(Dataset items)
<<<<

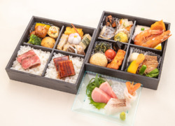 ローストビーフ、うなぎ、角煮、季節野菜の煮物など見た目も美味しいお刺身付きの豪華御膳
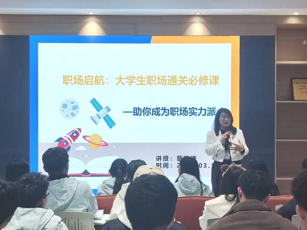 3月10日下午,双体学院职场培训经理蔡艳清老师为全体学员们开展了《职业启航:大学生职场通关必修课》,四个项目部齐聚一堂,蔡老师引导学员们积极互动,用幽默风趣的语言活跃了现场的氛围,带领学员了解并进一步深入学习职场的基本功,从求职,沟通,突发事件,接受任务,事件的处理方式,与领导,同级,下属关系的交流方式,等方面深入讲解。
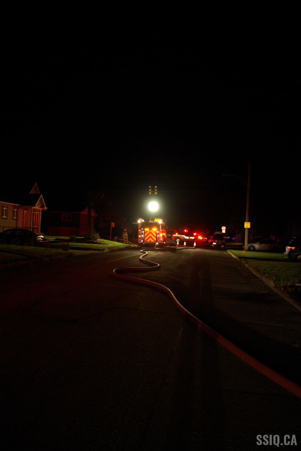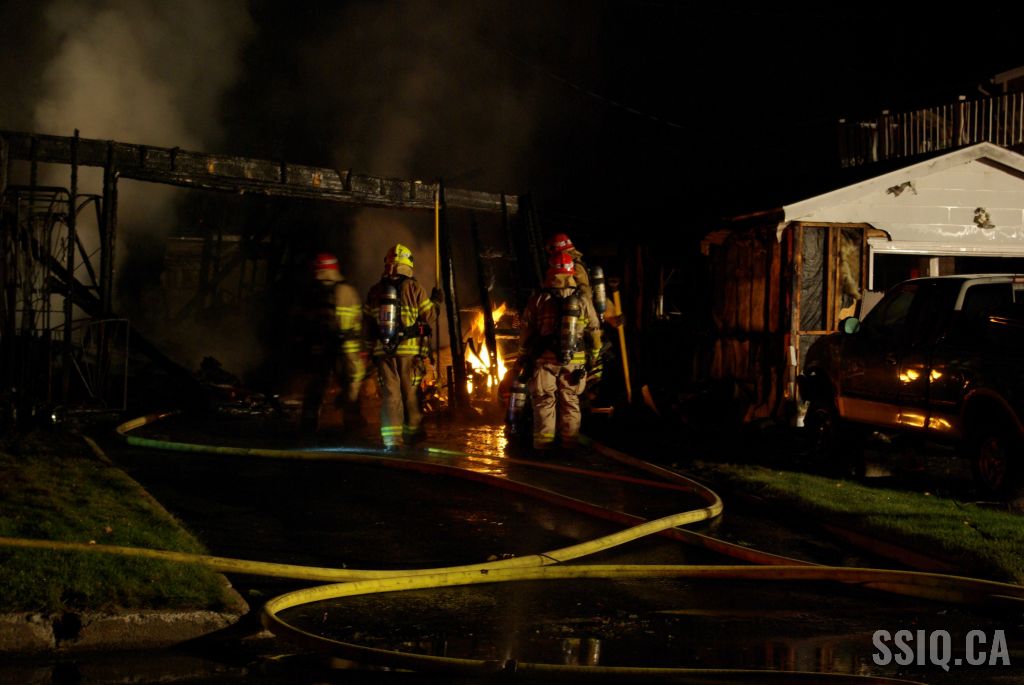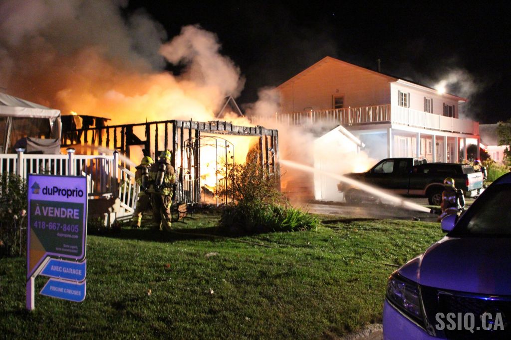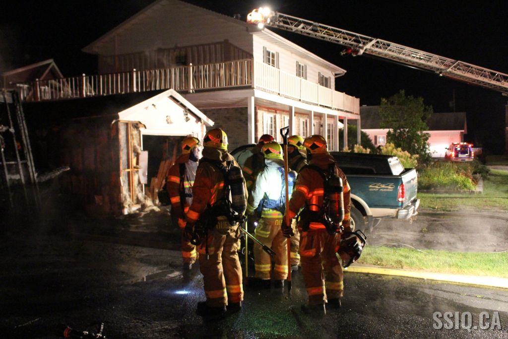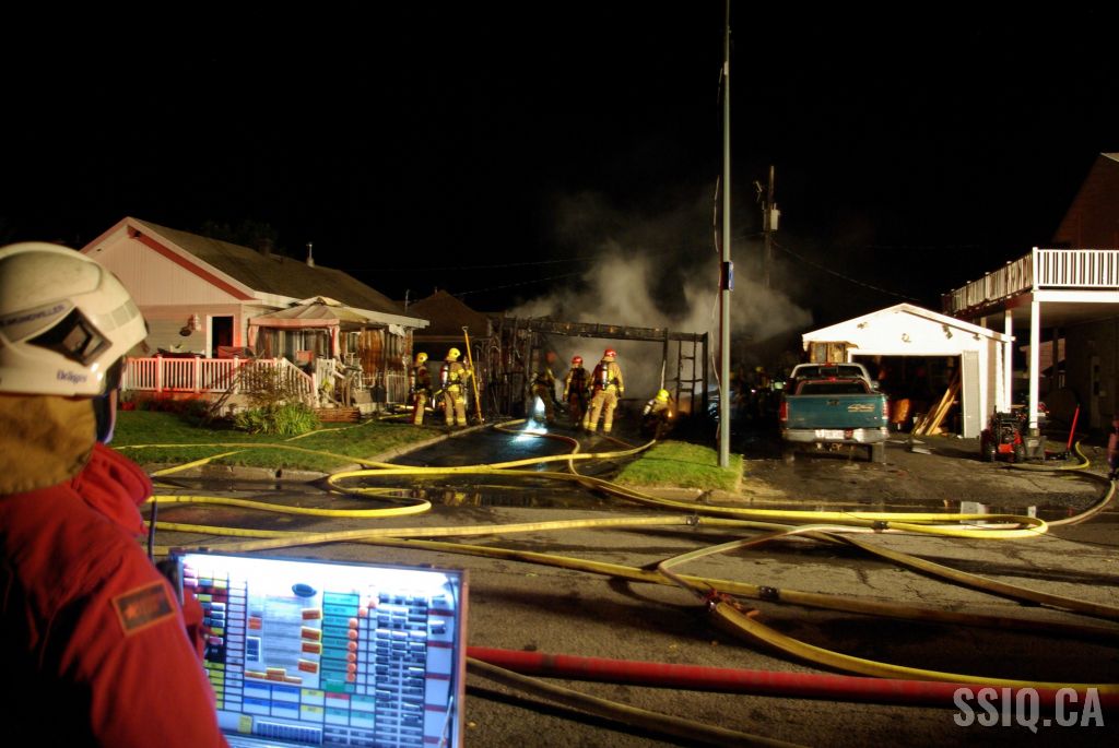 Le premier appelant à la centrale 911 mentionne que le feu est pris dans le garage détaché de son voisin.
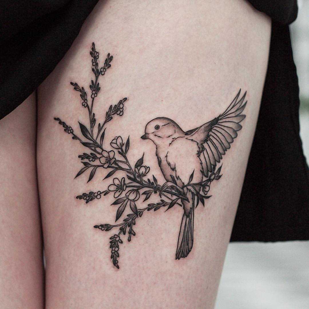 - Ветвь дерева с птицей, что взлетает с нее – стремление к свободе и независимости, мечтательность. Зачастую подобное тату используют молодые представительницы прекрасного пола, символизируя надежды на светлое и беззаботное будущее.
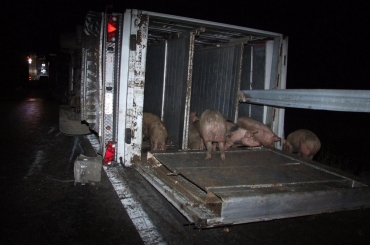 Felborult egy sertéseket szállító nyerges vontató.

>>>>

→ WHAT TO DO:
Reproduce, word for word, every line from the start of the records down to and including the line with "Le premier appelant"; skip the pictures.

→ ANSWER:
 ローストビーフ、うなぎ、角煮、季節野菜の煮物など見た目も美味しいお刺身付きの豪華御膳
 3月10日下午,双体学院职场培训经理蔡艳清老师为全体学员们开展了《职业启航:大学生职场通关必修课》,四个项目部齐聚一堂,蔡老师引导学员们积极互动,用幽默风趣的语言活跃了现场的氛围,带领学员了解并进一步深入学习职场的基本功,从求职,沟通,突发事件,接受任务,事件的处理方式,与领导,同级,下属关系的交流方式,等方面深入讲解。
 Le premier appelant à la centrale 911 mentionne que le feu est pris dans le garage détaché de son voisin.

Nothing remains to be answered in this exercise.